In order to provide comprehensive access to Drosophila information, the IU Department of Biology also provides access to numerous ``allied'' databases developed at other institutions, each with its own focus. Included are a unified bibliography on Drosophila; pointers to nucleic acid and protein sequence databases; stock lists directing researchers to sources of clones and other biological reagents; a genetic map of Drosophila; a list of Drosophila genes sorted by function; lists of clones from European and American sources, and instructions for placing orders; a directory of Drosophila workers; and other associated databases useful to Drosophila researchers. Forums for informal communication between researchers are provided through the Drosophila Information Newsletter and a Bionet News group dedicated to Drosophila research. Each information source is resident on computers at its ``home'' institution. Access to the complete set of databases is organized through the IUBIO Gopher site. Table 1 summarizes some of the major online information sources of relevance to fly biologists.


 
Table 1: Multiple, disparate online information sources for fly biologists
Information Source Description
Redbook ``The Genome of Drosophila melanogaster''
Drosophila Information Service molecular and genetic data on Drosophila
bibliography on Drosophila allied database
nuclear acid and protein sequence databases allied databases
stock lists sources of clones and other biological reagents
genetic map Drosophila-related
genes sorted by function Drosophila-related
clones from Europe and U.S. sources allied databases
Drosophila workers directory
Drosophila Information Newsletter informal communication
Bionet News group online news group
Worm Community System allied database
 

In addition to various genome databases such as FlyBase, electronic community systems (ECS) have been proposed and implemented [43]. These have drawn significant attention recently due to the rapid proliferation and advancement of computing, databases, and telecommunication technologies. An electronic community system encodes a research community's information and knowledge and provides an online environment to support the manipulation of that knowledge. An advantage of this type of system over traditional databases is that an ECS enables users to browse the available knowledge easily, record their own knowledge for others to use, indicate authorizations for users to either view or annotate their own data, annotate entries from others' research, and form interrelationships between concepts [13]. An ECS is much like an electronic library where users can browse for relevant information, filter out information they do not currently need, and share data that they have collected.

Another novel characteristic of an ECS is its ability to handle a wide variety of community knowledge, both formal and informal.
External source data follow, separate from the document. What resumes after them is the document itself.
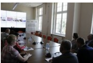
Wideokonferencja z przedstawicielami służb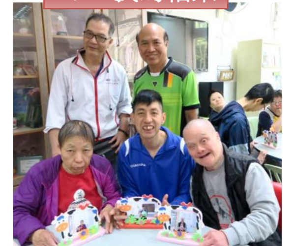
學員揀選喜愛的配飾，製作自己的相架！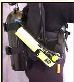
Διαγώνια από τη δεξιαμενή για να π.Χ.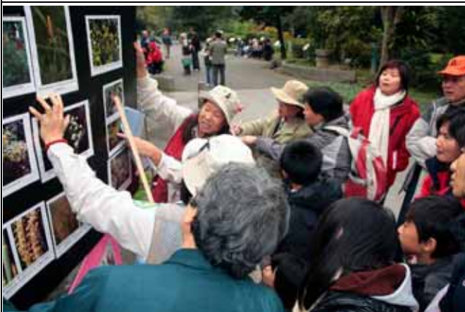
雪花、永芳老師認真講解，遊客都非常專注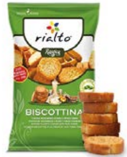
Biscottina – Cesar y Hierbas Finas Cont. Net.: 100g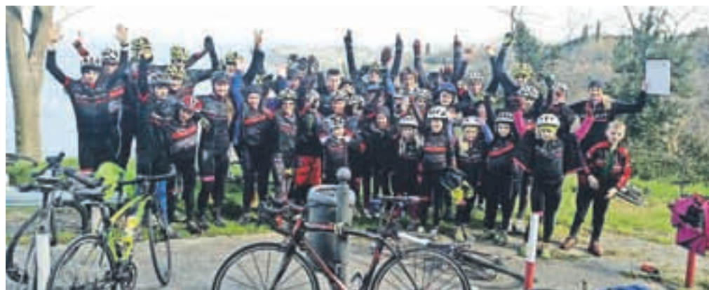
Udeležba na letošnjih pripravah calcitovcev je bila rekordna.

Kamnik – Med 15. in 21. februarjem je bil Debeli rtič dom gorskih kolesarjev Calcit Bike Teama. Nekateri cel teden, drugi manj, so tam opravili priprave in postavili temelje za sezono 2016, ki se bo začela kmalu. Priprav so se udeležili člani A-ekipe kot tudi mlajši tekmovalci, ki so tako zimske počitnice preživeli na slovenski obali. Večino časa so bili na kolesu, niso pa manjkali niti treningi na nogah, v telovadnici, druženja ter pogovori, skozi katere so tkali prijateljske vezi. Letos je bila udeležba rekordna. Ne glede na to, da so bile priprave v času zimskih počitnic in je veliko družin šlo na smučanje, je bilo na Debelem rtiču 46 calcitovcev. V primerjavi s prejšnjimi leti so bili na pripravah le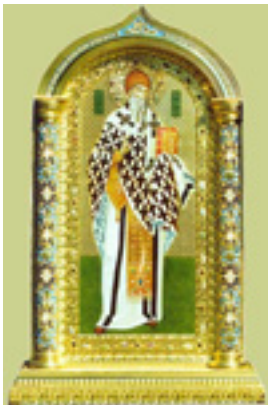
Άγιος Σπυρίδων ο Θαυματουργός, επίσκοπος Τριμυθούντος Κύπρου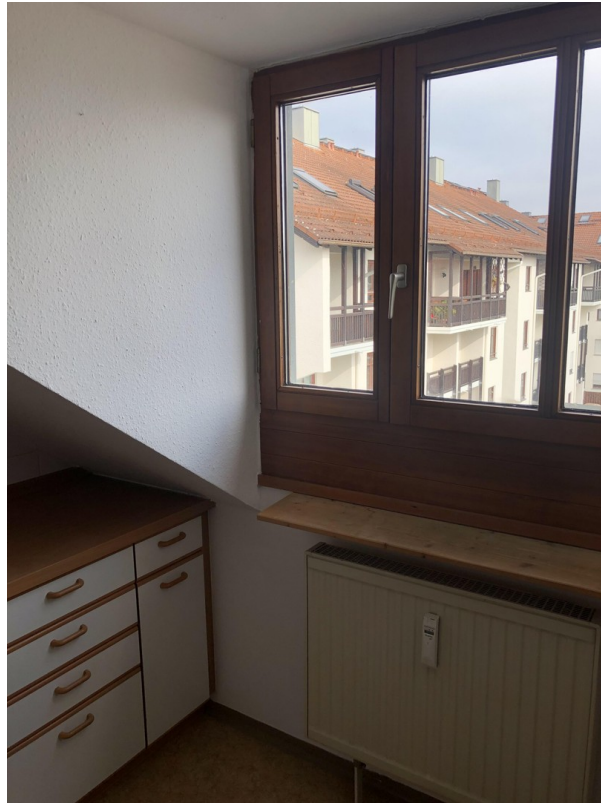
Küchenbereich, großes Fenster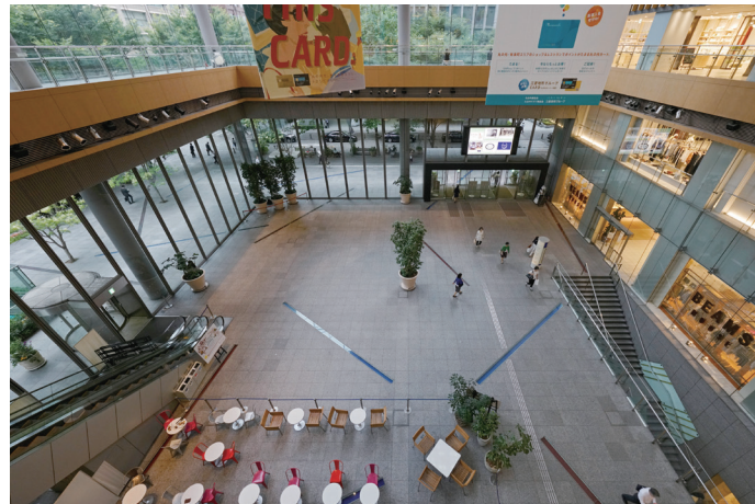
丸ビル1階の「マルキューブ」は、幅、奥行き、高さがすべて約30メートルという、まさにキューブ状のアトリウム。ガラス張りで、丸の内仲通りとの一体感が心地いい。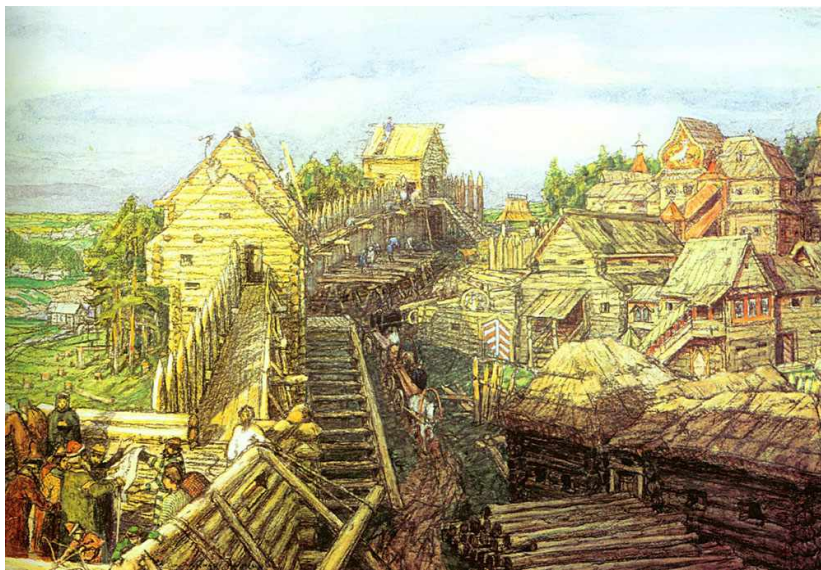
Начало строительства Москвы. Постройка деревянных стен Кремля.

КИЕВСКАЯ ЗЕМЛЯ БЫЛА РАЗОРЕНА НАБЕГАМИ ПОЛОВЦЕВ и опустела. Прекратилось движение торговых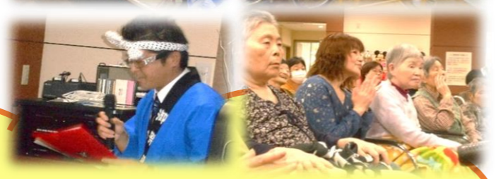
菊地会様慰問による『三味線民謡』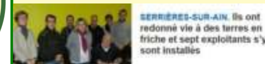
SERRIÈRES-SUR-AIN. Ils ont redonné vie à des terres en friche et sept exploitants s'y sont installés

article de presse paru dans « Le Progrès » du 15 janvier 2015

In order to ``live effectively within a community, one must have available both formal archival material and informal transient folklore'' [43]. An ECS provides both by integrating published literature about formal research findings with intermediate results, experimental protocols, laboratory notes, electronic bulletin board discussions, e-mail exchanges, and other informal data sources, and therefore is becoming an indispensable tool that allows researchers to browse, explore, and understand a vast and rapidly-changing world of scientific knowledge at the same time it creates a group memory.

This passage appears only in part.